RBA Rates Decision and proxy wars in the Middle East

The RBA has kept the interest rate unchanged today, as widely expected. Today marks the first day of a new era for the RBA, with the board members meeting for two days instead of one. It will be interesting to see if that makes any difference to their policy decisions. I suspect not since the decisions must still be made using backward-looking data.

Today’s decision to hold was based on the fact that inflation was falling faster than the RBA forecasts, with the quarterly inflation figure coming in at 4.1% and the monthly inflation number coming in at 3.4% for December, as we had anticipated. Additionally, the unemployment rate is rising, and GDP growth is weaker. Furthermore, AMP’s jobs leading indicator is now negative, indicating a sharp contraction in employment. Money markets have fully priced in the first rate cut in August and another in December, with a 57% probability of a cut in June. These do tend to flip-flop around a fair bit based on changes in sentiment. Nevertheless, it’s an interesting data point.

On the housing front, the growth in house prices nationally is starting to slow, with prices increasing at a decreasing rate. This should also be a positive sign for the RBA. It should be noted that not all markets are slowing down. Both rents and prices in Perth continue to accelerate. This has been due to the fastest population growth in the country coupled with the fact that it has the lowest median price of any major capital.

Earlier this year, all four major banks in Australia had unanimously called for interest rate cuts of between one and three percent. This is the first time for a unanimous call for cuts this cycle. In addition, the RBA downgraded its own inflation and growth forecasts and upgraded its unemployment forecasts. I guess the picture looks obvious to everyone now.

What else has been happening?

Right now, there appear to be four theatres of conflict around the world which are difficult to understand without knowledge of history to give us a frame of reference. I recently gave a lengthy presentation about this to the Blue Wealth staff and may include it in future blog posts. Suffice it to say that the mainstream narrative is deeply puzzling and doesn’t seem to stand up to logical rigor.

For now, the main area of interest is the Middle East, with the Biden administration and media having largely forgotten about Ukraine and Russia. We can see this clearly in the Google Search trends.

There has been an escalation in the fighting between the Houthis in Yemen and the US as the Israel-Palestine conflict begins to spill out into the wider region. The US has now struck targets in Iraq and Syria, although it’s obvious that the current conflict is effectively a proxy war between the US and Iran. Two countries with a history of conflict going back to at least 1952 with the overthrow of Iran’s democratically elected leader Mohammad Mosaddegh by Kermit Roosevelt Jr. (former president Teddy Roosevelt’s grandson). This was a joint operation between the CIA and MI6, and it resulted in the takeover of Iran’s oil industry.

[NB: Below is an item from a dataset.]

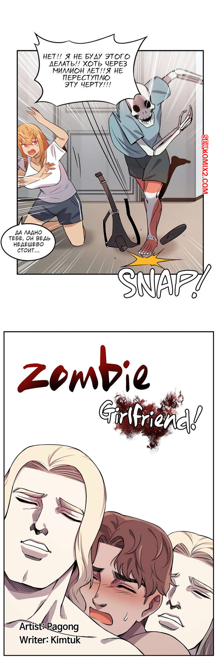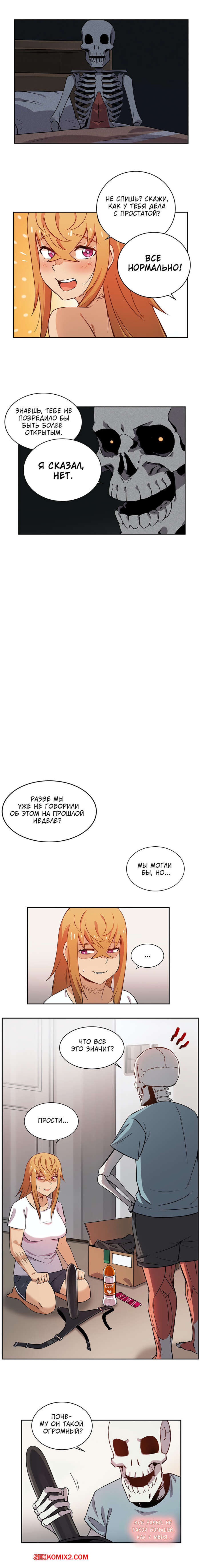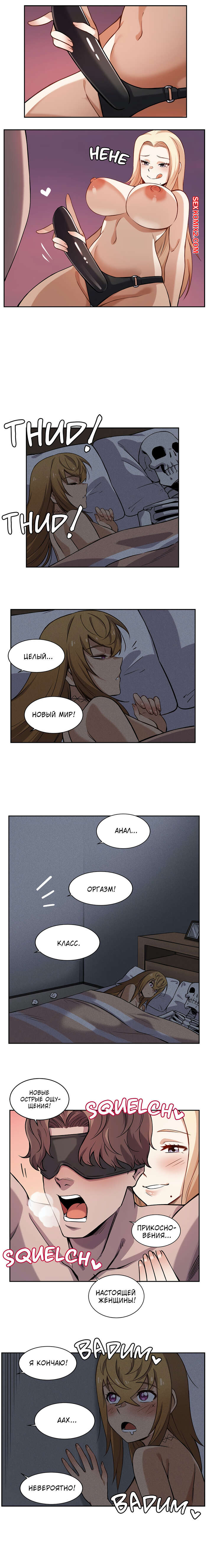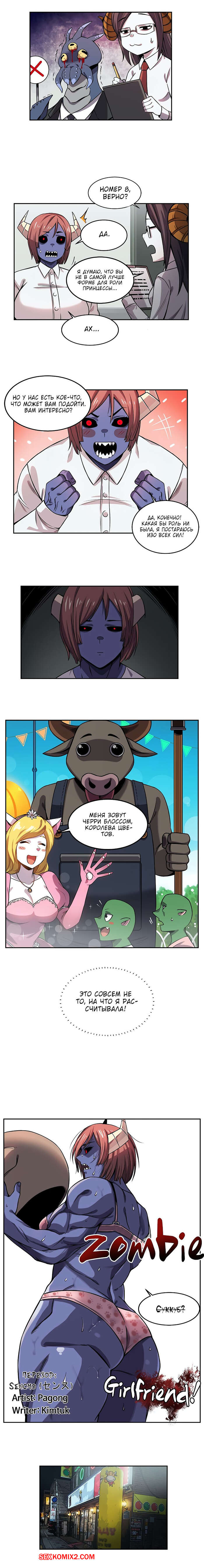 Порно комикс Моя девушка зомби. Части 7 и 8. Girlfriend Zombie Горячая блондинка решила испытать новых эмоций со своим парнем, поэтому прикупила себе большой черный страпон. Парень нормально отнесся к таким желаниям красотки и принялся ей сосать.

There hasn’t really been any fallout from this that we have felt, with West Texas Intermediate (WTI) Brent Crude Oil prices still sitting around $72. In addition, the Houthi blockade of US, UK, and Israeli cargo through the Red Sea has only added around 1-2% in costs to final goods for containerised freight between Asia and Europe. However, the last stages of an empire are typically marked by major conflicts, both internal and external; we’ll continue to watch this space closely to see how things pan out.